Registration Open for 8th Annual ‘Walk With The Stars’ Event
Registration is open for the 8th annual “Walk with the Stars,” one of the largest fundraisers organized by the Sickle Cell Disease Association of America (SCDAA) that supports the development of better treatments and a cure for sickle cell disease (SCD).
All proceeds from the July 10 event will go to SCDAA programs that are aimed at preventing disease complications through education, advocacy, increased awareness, and research. The two-hour fundraiser kicks off at 9 a.m. ET. Registration is $10.
The event is virtual again this year, so participants may walk, run, dance, jump rope, or even Hula-Hoop, at home or wherever they are to support the nonprofit organization. The top fund-raising teams and individuals will receive prizes.
The annual walk brings together advocates of every stripe and background across the U.S. to raise funds, as well as awareness. To date, the event has raised more than $500,000 to improve treatments and the quality of life of members of the sickle cell community. The goal for this year is to raise $30,000.
“When you participate in the Walk with the Stars, you are helping to build a future where there is a universal cure for sickle cell,” the organization stated in its announcement. “Together we are stronger. Together we can break the sickle cycle.”

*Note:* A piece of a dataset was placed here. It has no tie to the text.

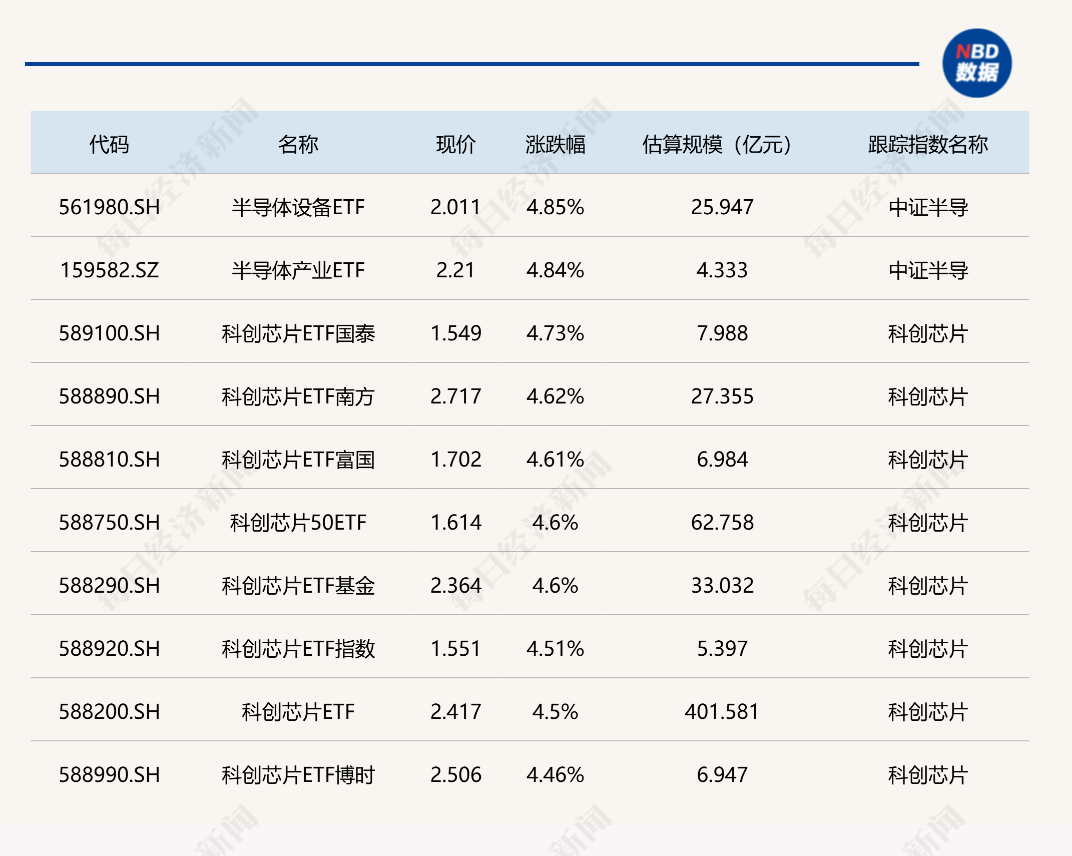 每经记者|叶峰 每经编辑|彭水萍 市场全天震荡走强,沪指放量涨近1%重回4000点。盘面上,化工板块集体爆发,半导体芯片概念持续走高,电网设备板块延续强势,电解铝概念表现活跃。下跌方面,影视、旅游板块集体下挫。 ETF涨跌幅方面,半导体、芯片相关ETF涨超4%。

Although event participants are welcome to raise funds through sponsorships of individual walks and runs in local communities, the organization also is encouraging the formation of virtual teams. More information on sponsorship opportunities is available here.
“Walk with the Stars is the perfect opportunity to encourage friends, loved ones, and coworkers to make a life-impacting change for all those affected by sickle cell disease,” the SCDAA stated. “United with every walker and runner, together we can raise the necessary funds which will get us that much closer to finding a universal cure.”
The event is being tagged and shared on social media with the hashtag #MoveForSickleCell.
Established in 1971, the SCDAA advocates for those living with SCD, and seeks to empower community-based organizations to maximize patients’ quality of life, while advancing the search for a cure.